「れん……?」
「……」
 じっと指輪を見つめる蓮に対して、健悟が少しだけ指に力を込めると、蓮の肩が一瞬面白い位にびくりと跳ねた。
 触れ合えば逃げていく蓮だったのに、いつの間にかボーダーラインが薄くなっている。
 この距離だ。隣に存在し、肩をあわせ、指を握ることができる、この近距離。何処まで優しいのかと、何処まで許してくれるのだろうと期待が強くなることも、至極当然のことだった。
「れん、」
「……んだよ」
 呼びかければ、俯いている頬がうっすらと赤く染まっていることは気のせいなのだろうか。忘れた頃に断続的に上がり続けている花火は赤を彩らず、蓮の頬を染める理由にはならない。
 いま彼は、なにを見て、なにを思って、なんでここにいるんだろう。その赤い頬の理由は、なんだ。
 誰も居ないこの家で、蓮から握ってくれた掌をもう一度ぎゅっと握り直してから、煩く脈打つ鼓動を引き連れ真剣な瞳を生み出す。言葉に乗せたのは、数十分前から蓄積していた、小さな小さな靄の塊だ。
「……なんで、戻ってきてくれたの?」
「……」
 今日は遅くまで帰らない。夕方、蓮から来たメールは無常にも簡潔過ぎるものだった。
 交友も利佳の説教も、蟠りは残っているだろうに帰宅してくれた蓮。そこに浮かぶ感情は嬉しい以外に見つからないけれど、だからこそ、この雰囲気のままに聴いてみたい言葉があった。期待していた。
 しかし。
「……べつに、……利佳に、おまえの子守頼まれただけだよ」
 蓮は、揺らがぬ健悟の視線から逃げるように唇を尖らせた。あまりにもわざとらしく逸らした視線は自分でも不自然だと後悔するほどで、健悟と付き合えばまず嘘は付けないだろうとありもしない仮定を立ててしまった。
 だって、言えるはずがない。
 本当は、俺だっておまえと行きたかったからだなんて、おまえと居たかったからだなんて、仕事で疲れている健悟を余計に疲れさせること。
 うそに決まってる。
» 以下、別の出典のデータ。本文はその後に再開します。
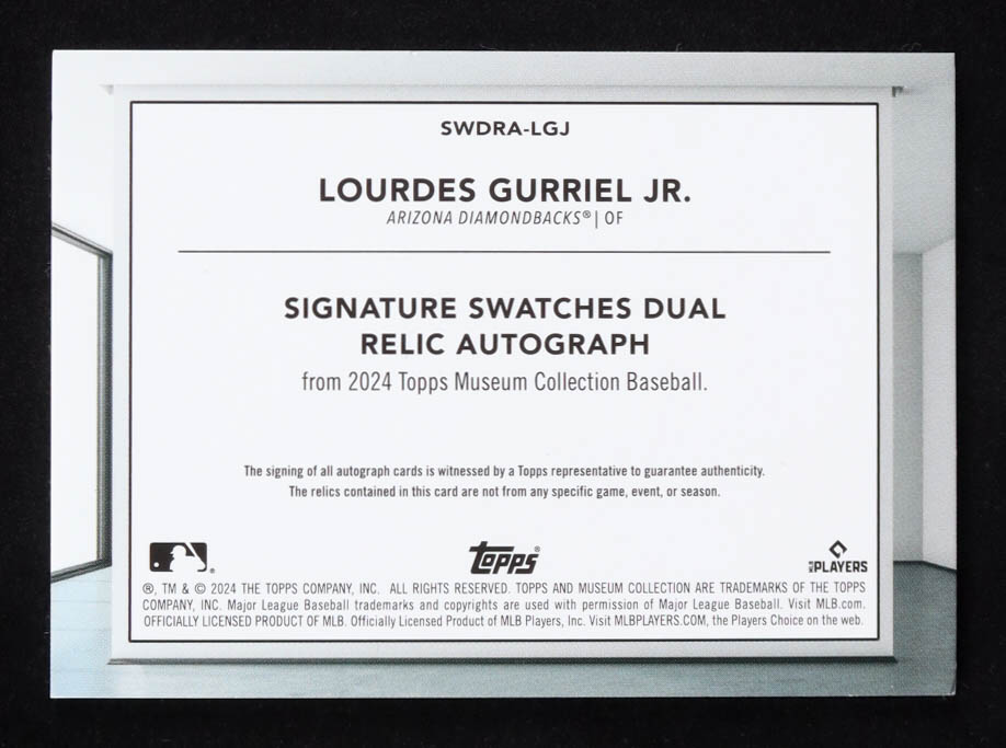 Lourdes Gurriel Jr. 2024 Topps Museum Collection Signature Swatches Dual Relic Autographs #SWDRALGJ #1/299

来年は行ける祭りでも、そのときおまえはいないから、だから、例え何処でもいま一緒に居たかったんだ。
 離れなきゃって分かってるのに、脚が勝手に帰ってた。
 羽生の家から帰ってきたときも勝手に身体のままに行動してたけれど、そのときと決定的に違っていたのは自覚しているのかどうかだ。これが正しいと思うし、健悟が好きなんだから当然だろうって、そう胸を張れる。本人には、まず言えないけれど。
 嘘のままに黙してしまい、此処から空気が悪くなるのは嫌だなと懸念を抱いていると、健悟からふうっと溜息が聞こえた。
「そっかぁ」
 何かを納得するような言葉に蓮が顔を上げると、想像していた靄がかった表情とは一変、健悟は予想外にも口元に弧を描いていた。握られた親指で手首を撫でられ、ぞくり、背中が粟立つ。
「じゃあ利佳に感謝しないとね」
「?」
 健悟がそうして笑んだ途端、随分な間隔が開いていた花火が突然空に咲き、もう終演したと思っていただけに必要以上に驚いてしまった。
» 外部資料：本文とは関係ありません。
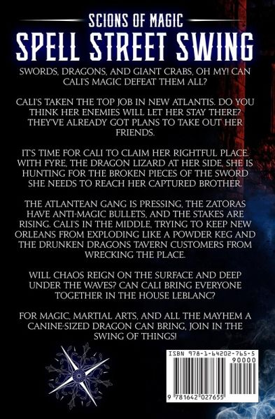 Swords, Dragons, and Giant Crabs, Oh My! Can Cali's magic defeat them all? Cali's taken the top job in New Atlantis. Do you think her enemies will let her stay there? They've already got plans to take out her friends. It's time for Cali to claim her rightful place. With Fyre, the dragon lizard at her side, she is hunting for the broken pieces of the sword she needs to reach her captured brother. The Atlantean gang is pressing, the Zatoras have anti-magic bullets, and the stakes are rising. Cali's in the middle, trying to keep New Orleans from exploding like a powder keg and the Drunken Dragons Tavern customers from wrecking the place. Will chaos reign on the surface and deep under the waves? Can Cali bring everyone together in the House LeBlanc? For magic, martial arts, and all the mayhem a canine-sized dragon can bring, join in the Swing of things! Scroll up and click the Buy Now button and read it today.

 しかし、健悟はそれを予想していたかのように空を降りる緋に向け柔和な笑みを浮かべている。
「こんな綺麗な景色独占できるの、知らなかったし」
「……」
 目尻を下げて笑窪を浮かべる健悟に、おまえのが綺麗だっつーの、と言えない否定を浮かべることは簡単だ。
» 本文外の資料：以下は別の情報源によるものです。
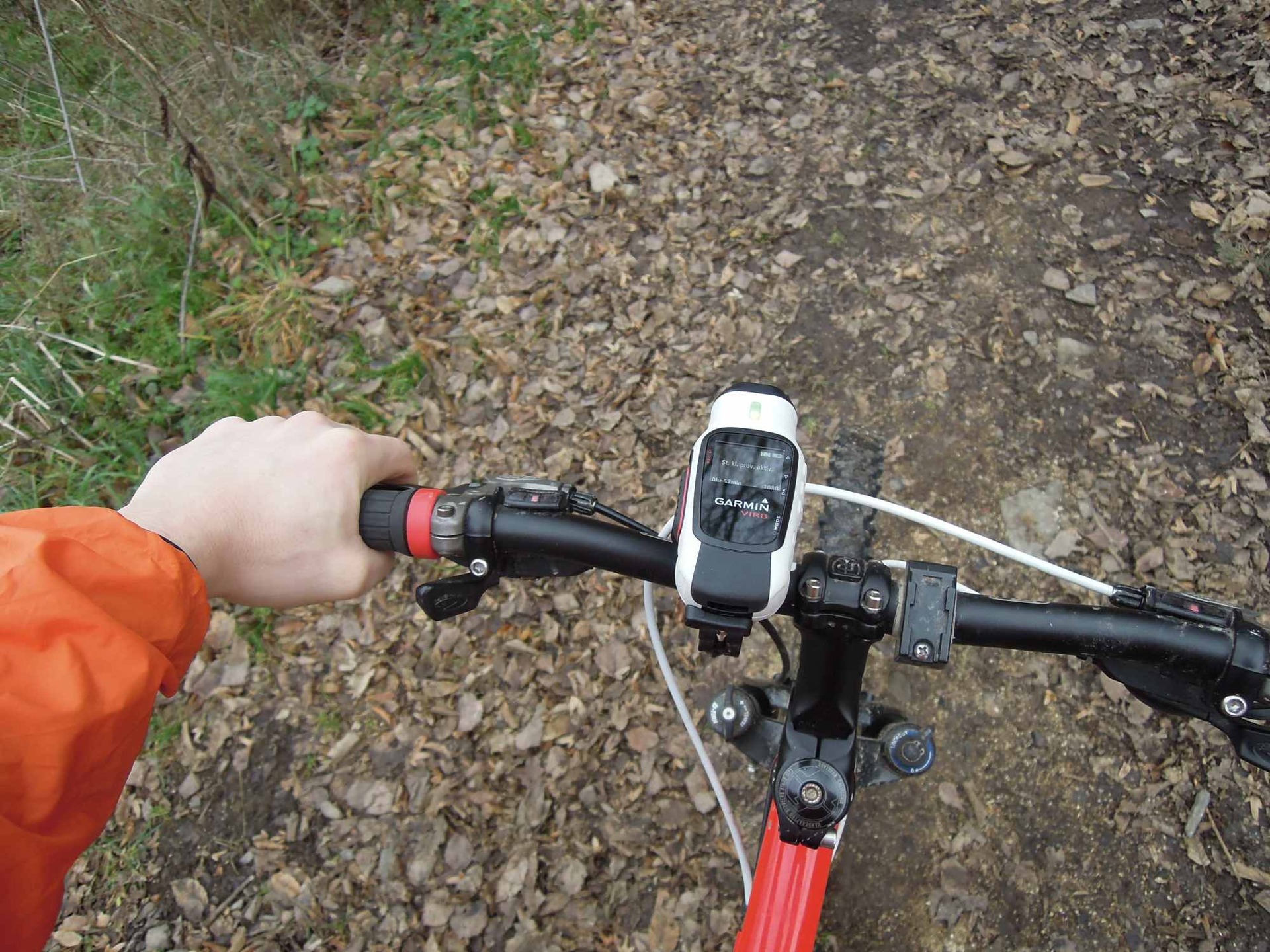 VirbElite lze pohodlně zapnout a vypnout třeba i při jízdě na horském kole. Díky velkému posuvnému tlačítku.

 武人と居ても玲子と居ても、クラスメイトに集団で廻ろうと誘われても、どこか蚊帳の外から眺めているだけだったのに、やっと鼓動が旋律を取り戻した事を自覚できる。
 放たれる一言一言を聴き逃さまいと耳を傾け、その乗せられる甘い声に、握られた手に、揃いの指輪に、彩る全てにうるさくさせられる相手はこいつだけ、健悟だけだ。
 さらりと軽口を放つ健悟とは違い、言いたい言葉ばかりが飲み込まれてしまう。
 思ってもいない貶し言葉ならば沢山出てくるのに、本当に思っている褒め言葉を出すことは、なんて難しいんだろう。
「花火あがっても見えるんだね、星って」
「……そりゃ、当たってねぇ方は見れんだろ」
「あーそっか。でもあれだな、俺にとってはこの前見たのが一番だったかな」
「ったりめぇだろ、あんなんずっと住んでる俺だって最高級だって認めてやるよ」
 あのときを思い出しながら、むんっと意気込む。すると、「そっかー」と優しげな声が聞こえてから、突然、肩にぽすんと重みが増した。
 灰色の髪が首を擽る。びくりと大きく震えた肩が伝わったらしく、横でくつくつ笑われていることが分かったけれど、その余裕さに合わせられるほど健悟との触れ合いに慣れてはいない。すぐ傍にある頭に自分も凭れて良いのか、突き放すべきなのか、そんな些細な事さえ悩んでしまうのは、きっと邪な気持ちが産まれてしまった所為なのだろう。
 結局、数秒悩んだ末、えいっと心の中で拳を握りながら健悟の頭に耳を預けると、また笑いを噛み殺したような震えが伝わった後、「おそいよ」と言われてしまった。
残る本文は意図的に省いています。